Creditors can be tough guys and won’t want to work with you. But they’re more likely to take aggressive action if you’re not upfront and transparent about the state of your business, he said.

“If your lender doesn’t trust it because the debtor has turned a turtle and won’t give out information, they’re going to be more aggressive in the way they handle this,” Hughes said.

Your creditors may not be willing to negotiate. But lenders usually don’t want to foreclose on assets in a bad economy. If your business is viable and has a habit of making payments on time, generating income and attracting customers, it will work in your favor, said Hughes.

Goott frequently contacts creditors over the phone and negotiates a solution. Sometimes she tells creditors that if they don’t negotiate, the debtor will file for bankruptcy. Sometimes she just needs to let creditors know about someone’s business and the chances of collecting the debt.

One of Goott’s clients, for example, was personally liable for the company’s debts, and a former business partner managed to get a judgment in court. Goott was able to negotiate a 12-month payment plan that lowered the interest rate on the debt.

His only advice: get the agreement in writing. When you rely on a verbal agreement, creditors can change their mind. The bank clerks leave and you’re stuck with someone who doesn’t recognize the deal. Or the employee might not have the authority to offer a change in the first place.

Litigation risk

Unsecured creditors are another matter. They can sue you; they can get a judgment. In Texas, certain assets are exempt from most judgments, including owner’s residence, car, and retirement accounts. Creditors can, however, seize bank accounts. If that hasn’t happened yet, you might want to wait and see what happens, Goott said. An unsecured creditor can sell your debt to a collection agency. Or they can go bankrupt. You might never be sued.

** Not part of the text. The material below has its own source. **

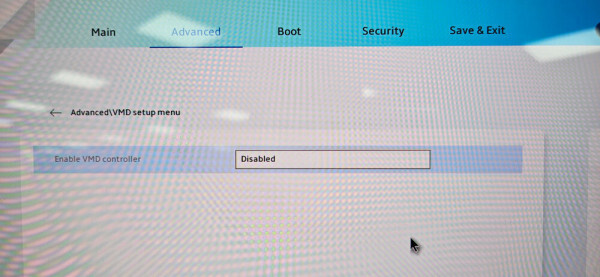 해당 경우 바이오스에서 VMD controller 부분을 비활성화(Disabled)로 변경해 주시고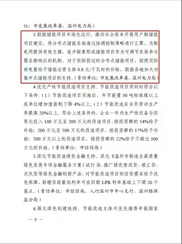 同時,推動社會資本開展用戶側(cè)儲能項目建設(shè),將分布式儲能系統(tǒng)通過協(xié)調(diào)控制策略進行匯聚,為配電網(wǎng)提供有效支撐,逐步探索形成儲能項目作為可調(diào)節(jié)負荷參與需求側(cè)響應(yīng)的機制。對于實際投運的分布式儲能項目,按照實際放電量給予儲能運營主體0.8元/千瓦時的補貼,鼓勵各地加大對集中式儲能項目的支持。

Of course, efforts to avoid bankruptcy can be unsuccessful. If creditors simply refuse to negotiate and initiate lawsuits and the process of acquiring business assets, or even personal assets, it is possible to hand over the keys or negotiate a transfer outside of bankruptcy. You may be able to get an injunction in court, although that’s rare, Hughes said.

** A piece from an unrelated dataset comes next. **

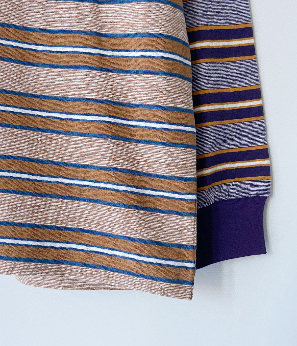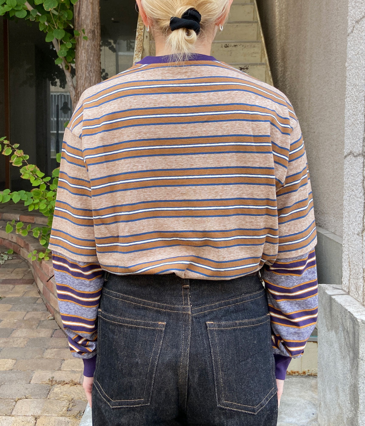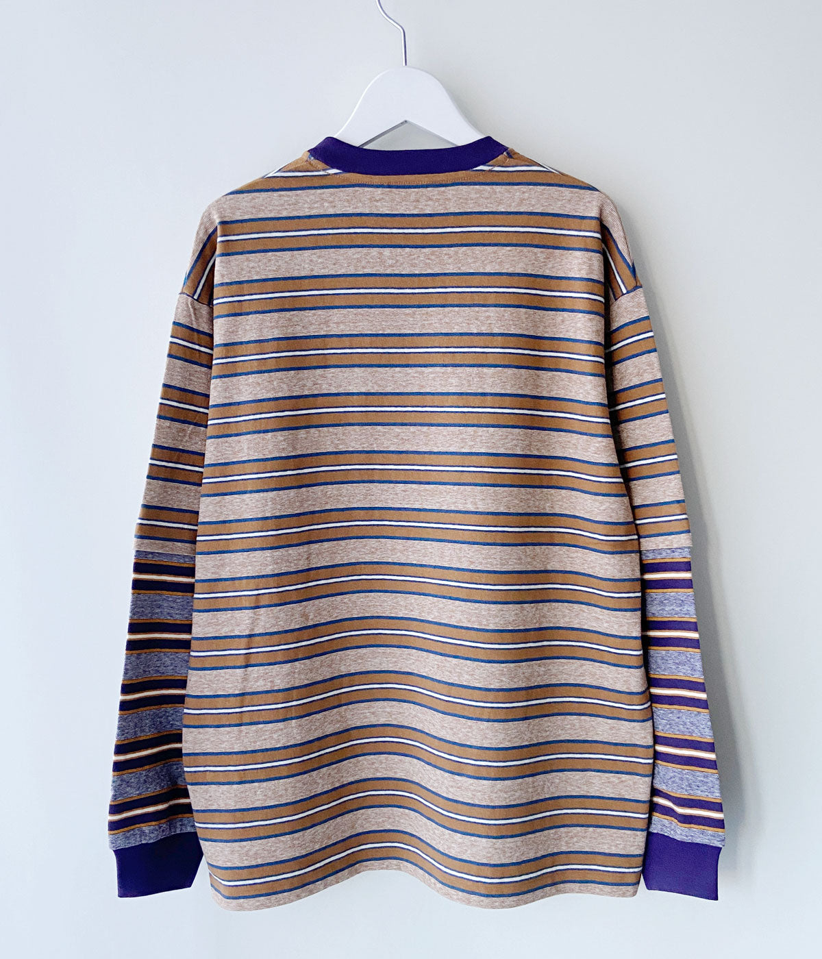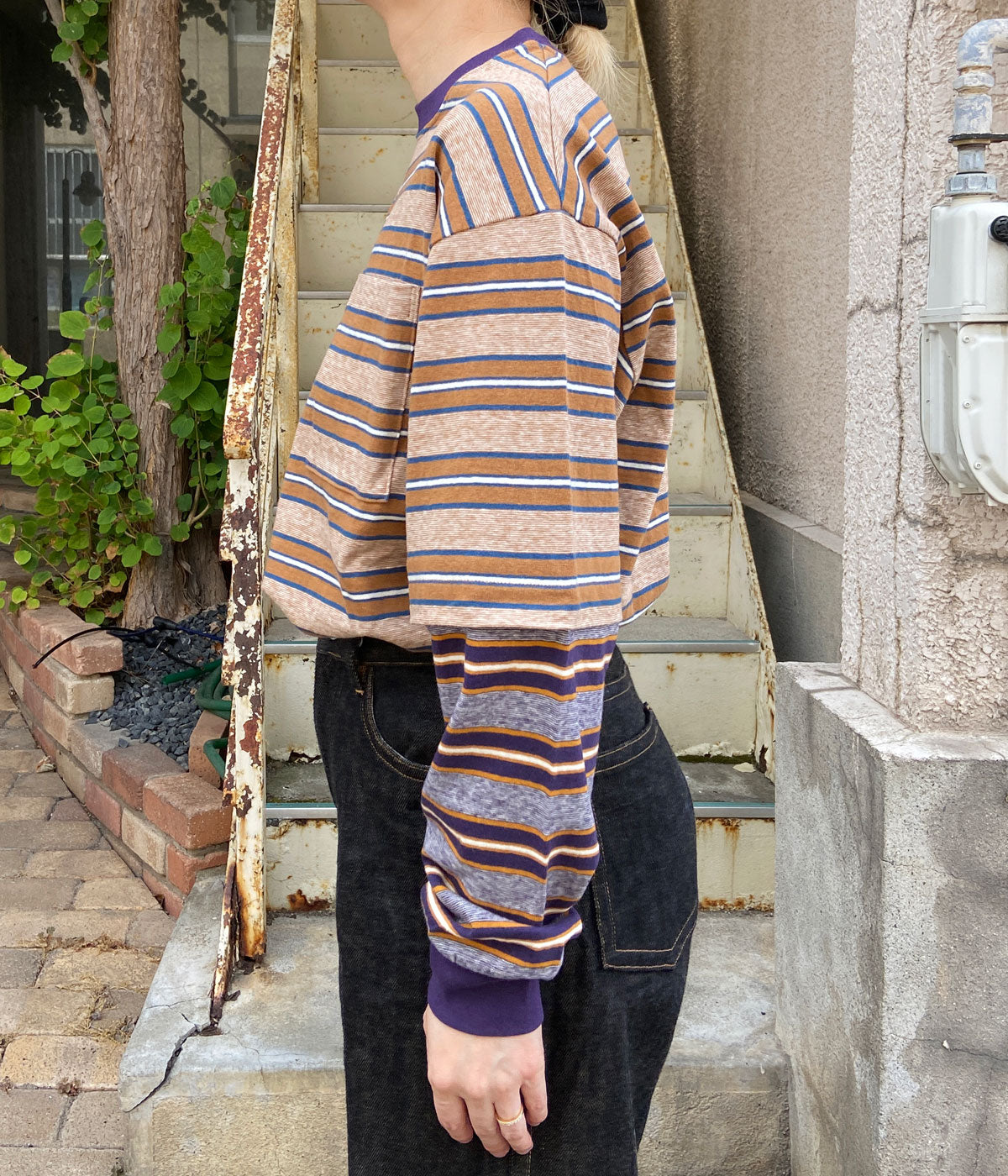 PHEENYからMULTI BORDER LAYERED L/Sが入荷しました。リラックス感のあるボクシーなシルエットのロンT。レイヤード風の袖ディテールがポイントの一着です。70年代を彷彿とさせるヴィンテージライクなボーダーでリラックスしたコーディネートに最適です。

A bankruptcy filing can be useful because it triggers a stay – basically, the courts prevent homeowners and creditors from evicting or seizing assets while the case winds its way through the court system.

Congress passed the Small Business Reorganization Act last year, making filing easier and cheaper for small businesses. For example, business owners normally must pay creditors in full as part of a Chapter 11 reorganization to retain ownership. But Chapter 11 of a small business allows small businesses to pay less than 100% in exchange for a three to five year payout of the company’s disposable income.

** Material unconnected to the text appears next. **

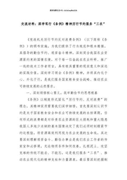 【七哥公文】2025年:【七哥公文】交流材料:深学笃行《条例》精神厉行节约服务“三农”+更多免费公文+VX:QiGeGongWen2024+更多免费公文+VX:QiGeGongWen2024
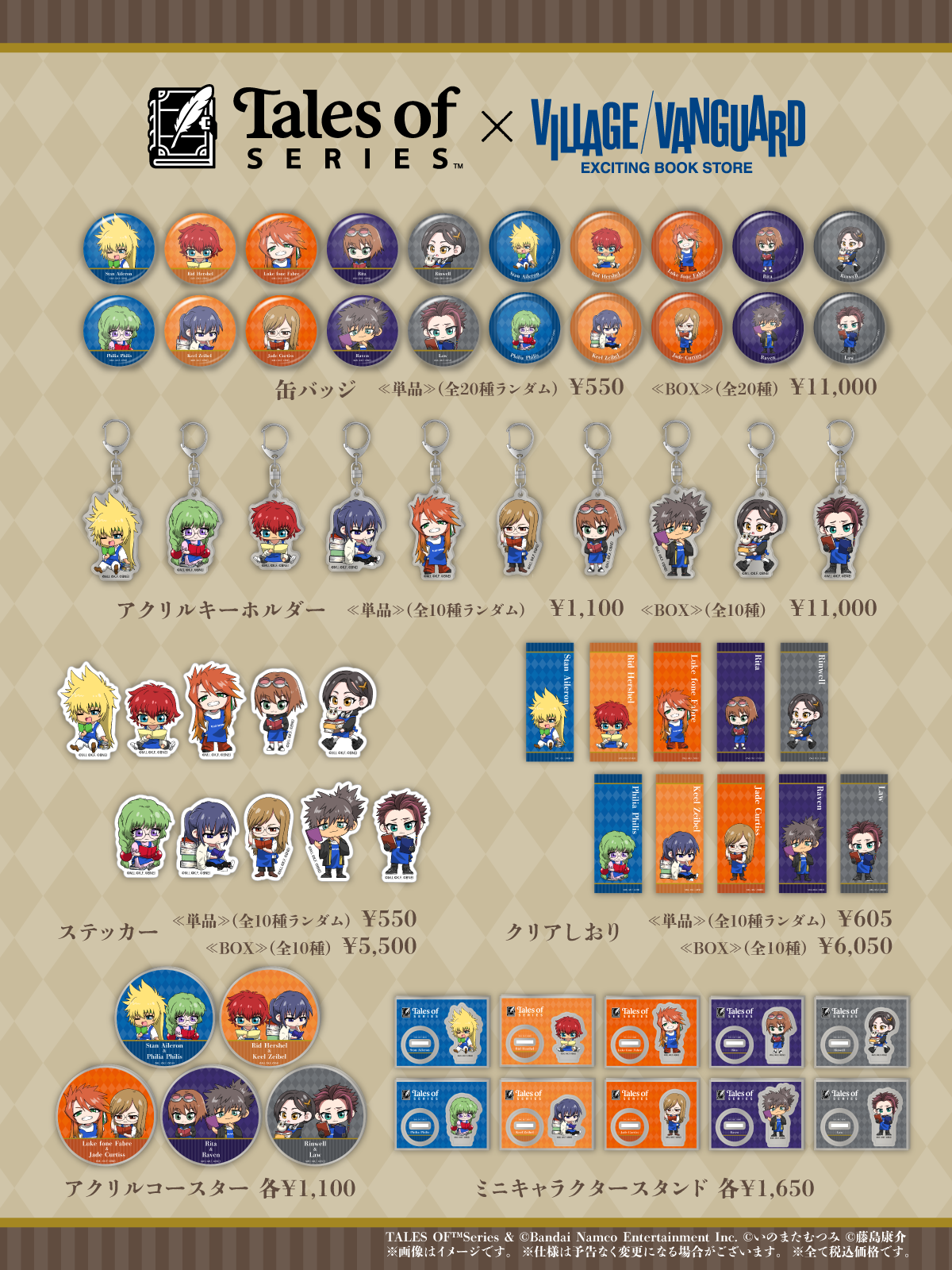 『テイルズ オブ』シリーズ ヴィレッジヴァンガード限定コラボ第4弾の以下キャラターにてイラストの一部を修正致しました

No creditors committee is allowed, which helps reduce the cost of bankruptcy.

The CARES Act, which was passed in March, also raised a small business’s total debt limit (Chapter 11) from $ 2.7 million to $ 7.5 million, allowing many other businesses to qualify. “This creates a huge opportunity for small businesses to restructure their debt,” said Hughes.

Often times, bankruptcy can be avoided altogether. Goott doesn’t make money that way. But it builds trust with potential customers. “The best thing I do for (businesses) is to give them the ability to focus and focus on the problem,” she said.